Sooo i definitely have a major burn on my chin from kenny's ...stubble from making out for hours while coked up. Pure class.
I'm gonna write a book, Things that go bump in the night: The story of Katelyn. Chapter one, my roommate is a dumb whore.
What's your middle initial? I need it for the census. I put us down as "unmarried partners."
Oh my god... you're gay. Ps, its A.
No no. According to the 2010 US Census, we're gay.
You tried to get the stranger on the sea bus to give you a bite of his chicken sub by repeating over and over "im in a girl band"
I think he may have overheard our "how much coke would you fuck me for" conversation last night...
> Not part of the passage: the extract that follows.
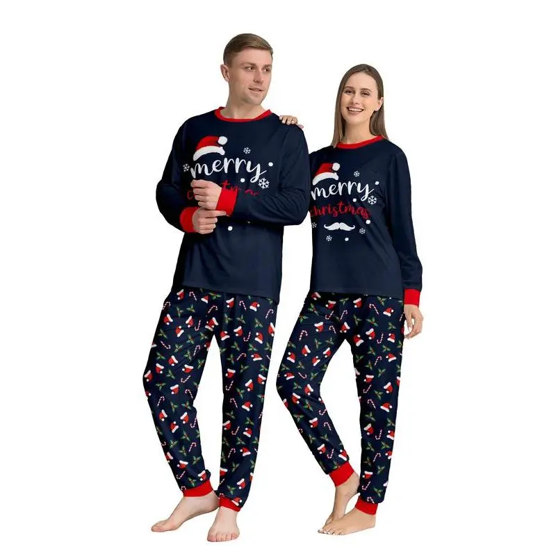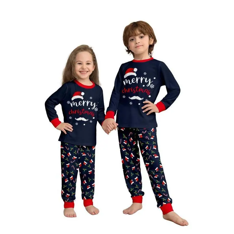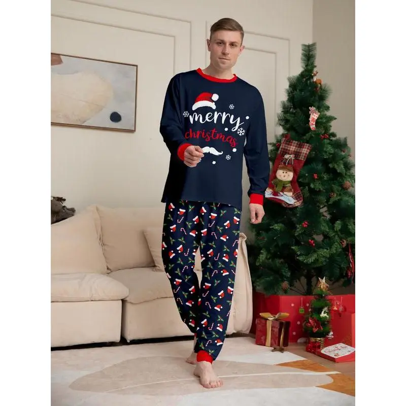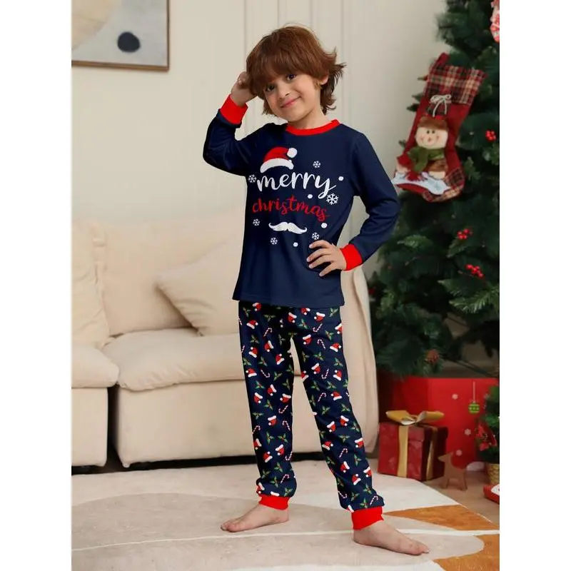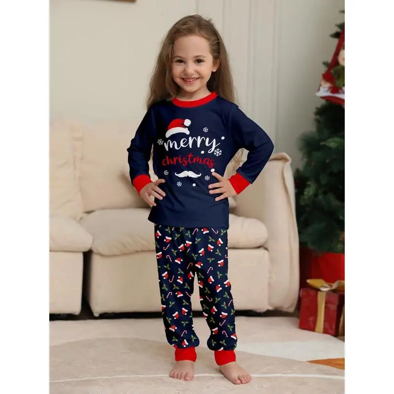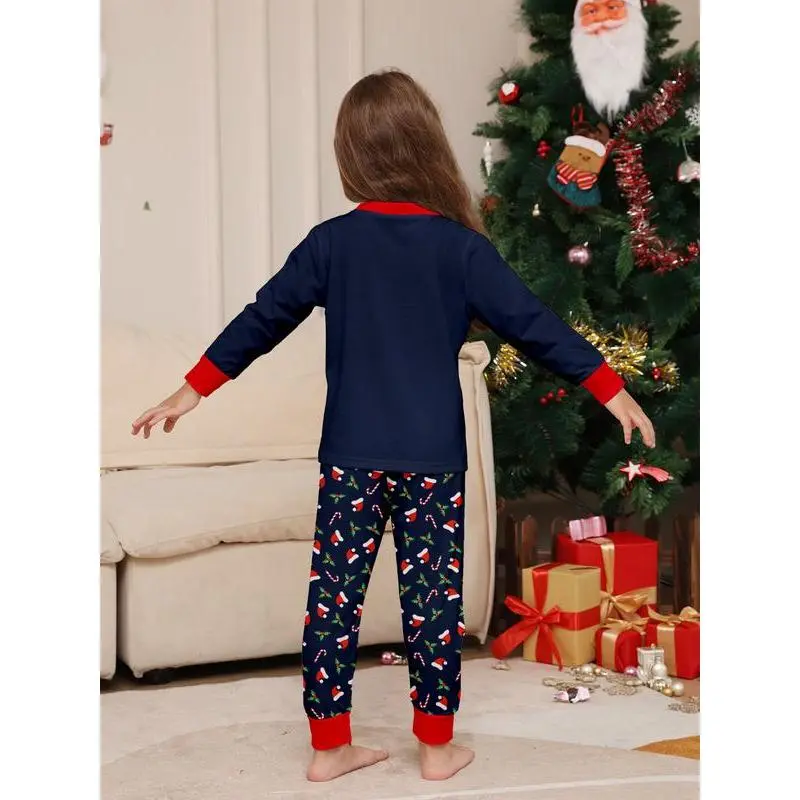 ChristmasFamilyPajamasSet,BlueCartoonPrint,LongSleeveTopandPants,CasualHomeWearforAllSeasons

He caught a squirrel with his bare hands twice. Where do you find these people?
We decided we needed a drinks fridge in our bathroom.
But mostly the blowjob in the airport bathroom was what I was laughing at.
Okay I know I said I was going to quit drinking for a while but apparently pumpkin pie flavored vodka is a thing and I will not rest until I have some.
You know what it feels like? It feels like I'm in that prison from the dark knight rises. That's what being a virgin in college feels like.
The worst that could happen is you end up with a black eye and I get laid.. I'm okay with my end of that bargain.
I've been randomly kik messaging bearded men I find on Instagram while sitting unshowered in my underpants. I'm like the girl version of a creepy uncle.
Just bought condoms with a walmart gift card. Thanks grandma.
This is an alert from the drunk police: you have reached the point of no return. Text messages past this point are illegible.
I either have a problem or a really good solution... I just ordered my homecoming dress off of a website that sells forplay outfits.